The lines to retype run from the one containing "Peranakan Wooden Rubber" through the end of the listing below. Reproduce them exactly, leaving out pictures.

RECORDED INFORMATION
┄┄┄┄┄┄┄┄┄┄

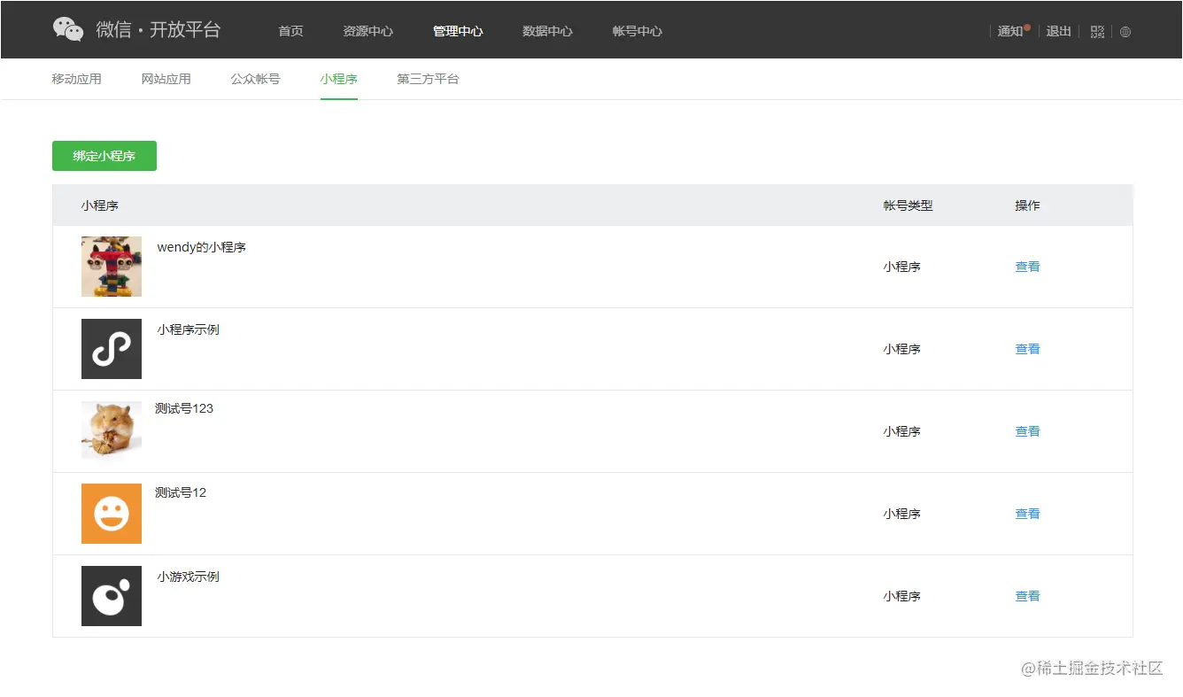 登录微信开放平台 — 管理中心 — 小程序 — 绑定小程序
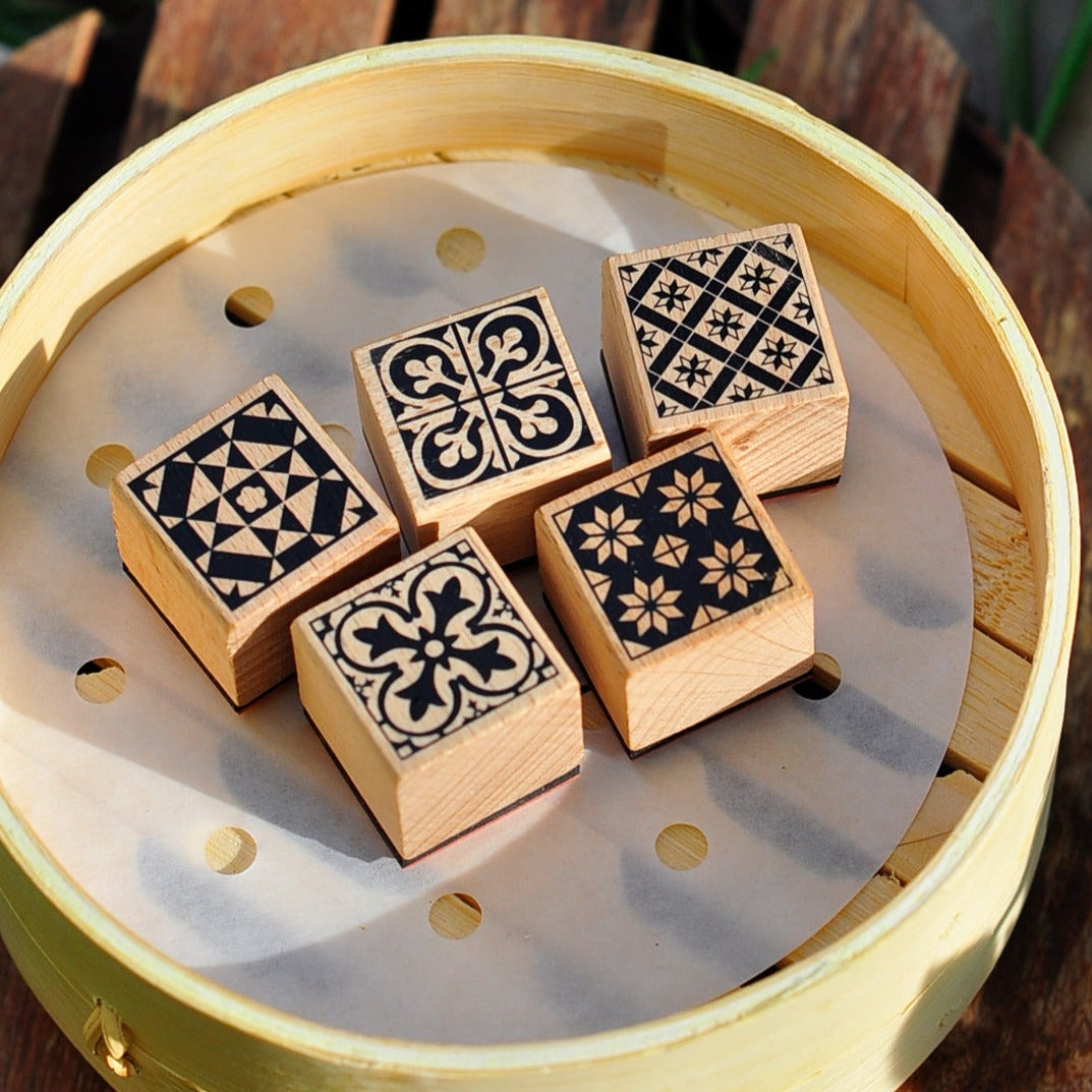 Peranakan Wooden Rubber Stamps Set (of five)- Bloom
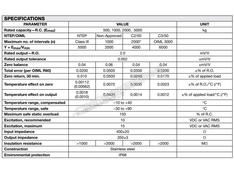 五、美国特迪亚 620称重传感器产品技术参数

┄┄┄┄┄┄┄┄┄┄

TASK RESULT
 Peranakan Wooden Rubber Stamps Set (of five)- Bloom
 五、美国特迪亚 620称重传感器产品技术参数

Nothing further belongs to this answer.